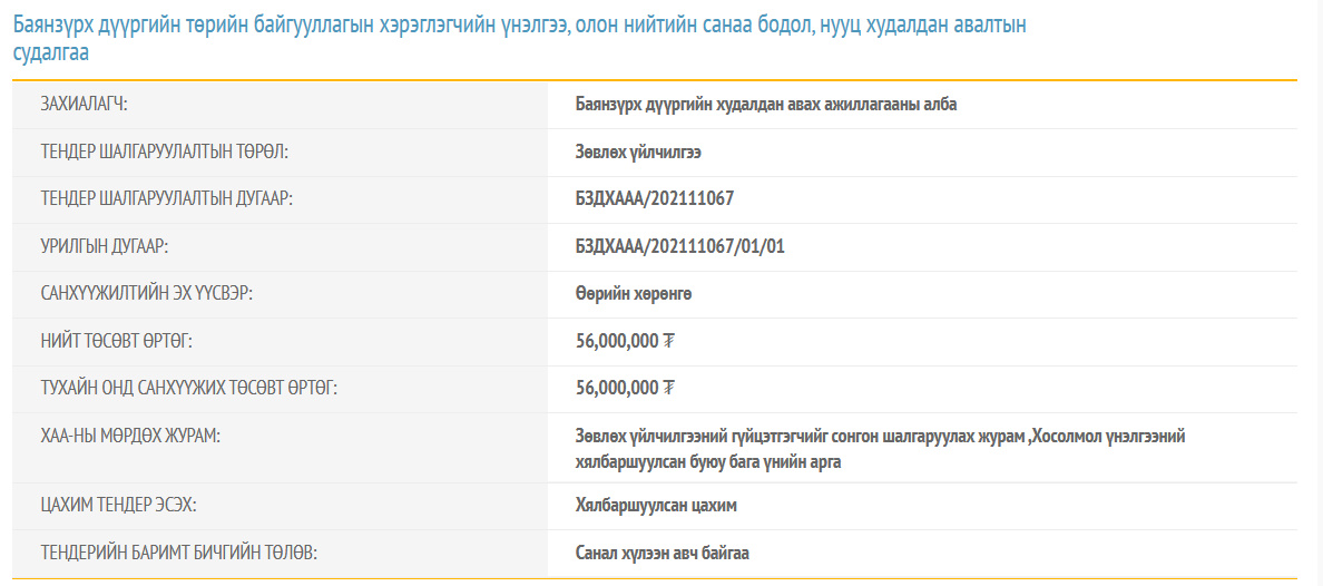 Мөн тэрбээр 2021 онд санал бодлыг танадаж, нууц худалдан авалтын судалгаа явуулахын тулд 56 сая төгрөгийн ТЕНДЕР зарлаж байсан удаатай аж. Дүүрэг нь "НҮҮРЭЭ УГААДАГГҮЙ" хүүхэд шиг, нийслэлийн хамгийн ХӨГЖИЛ МУУ-тай дүүргээр алдаршчихаад байхад, энэ мэт зангаасаа болж суудлаас "ховхорлоо" Н.Баярмөнх өө... Төлөөлөгчдийг чинь ч буруутгах аргагүй бололтой.
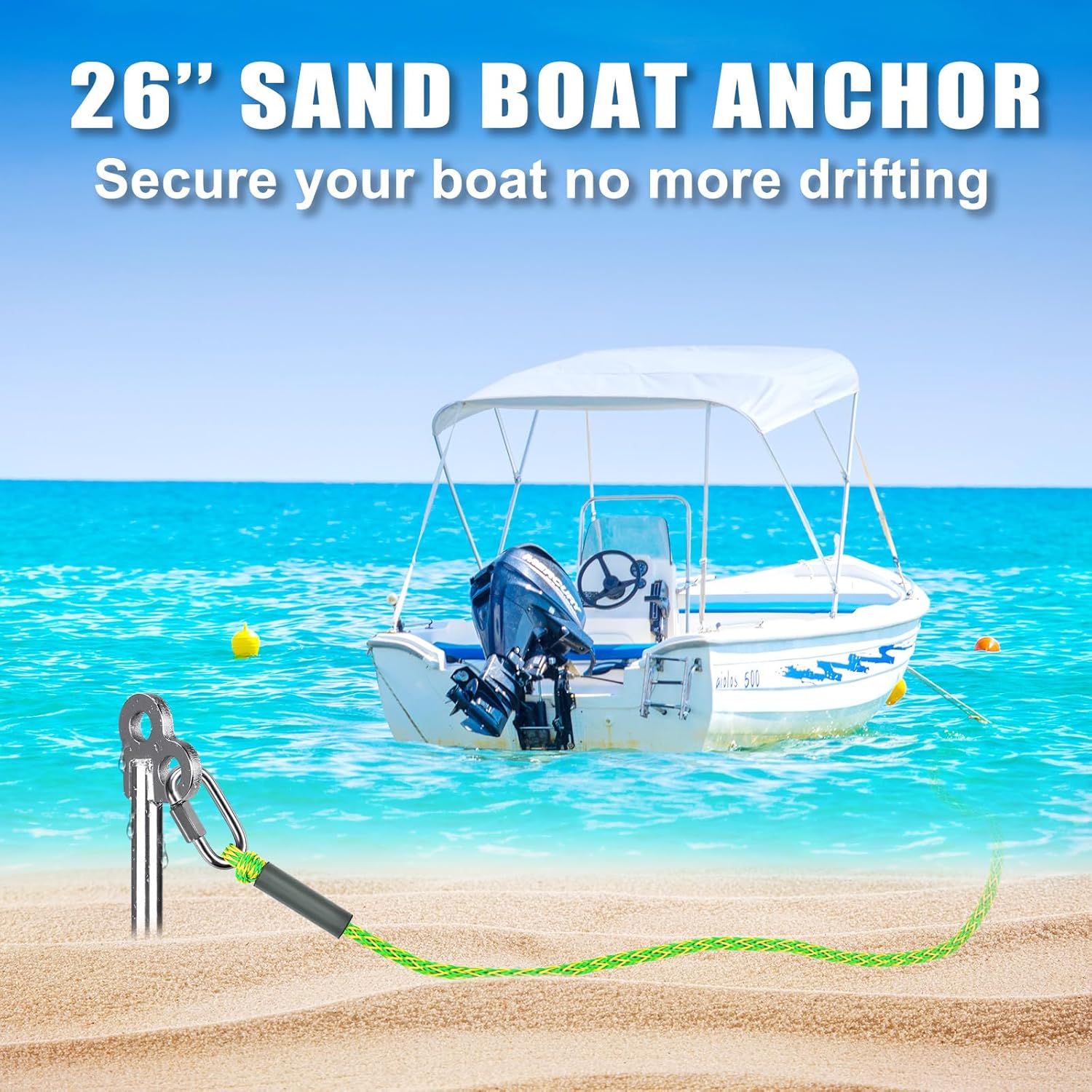 SELEWARE Sand Anchor for Boats, Screw in Boat Anchor for Shallow Water, Jet Ski Anchor, Stainless Steel Boat Beach Anchor for Securing Pontoon Boats, Jet Skis, Kayaks on Beaches and Sandbars
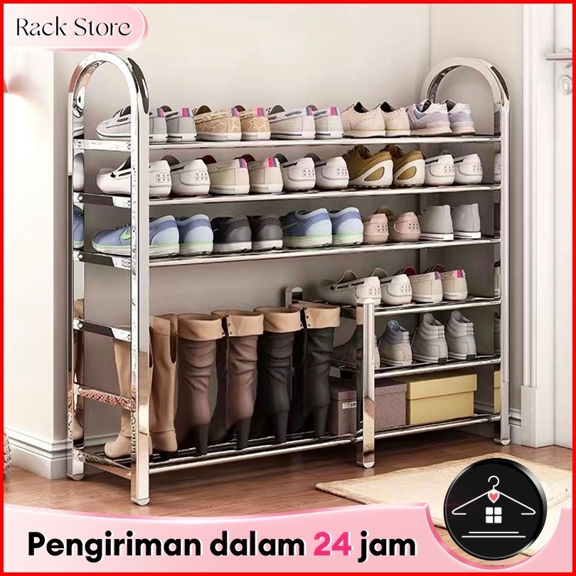 Rak Sepatu Tingkat Stainless Steel Kokoh Tempat Sepatu Sendal Besi Rak Sepatu 6 Susun Multifungsi

* * * * * * *

- _Try it_
Beginning at the line with "SELEWARE Sand Anchor" and ending at the last line of the listing above, retype each line exactly, including those two lines. Leave the pictures out.

- _Output below_
 SELEWARE Sand Anchor for Boats, Screw in Boat Anchor for Shallow Water, Jet Ski Anchor, Stainless Steel Boat Beach Anchor for Securing Pontoon Boats, Jet Skis, Kayaks on Beaches and Sandbars
 Rak Sepatu Tingkat Stainless Steel Kokoh Tempat Sepatu Sendal Besi Rak Sepatu 6 Susun Multifungsi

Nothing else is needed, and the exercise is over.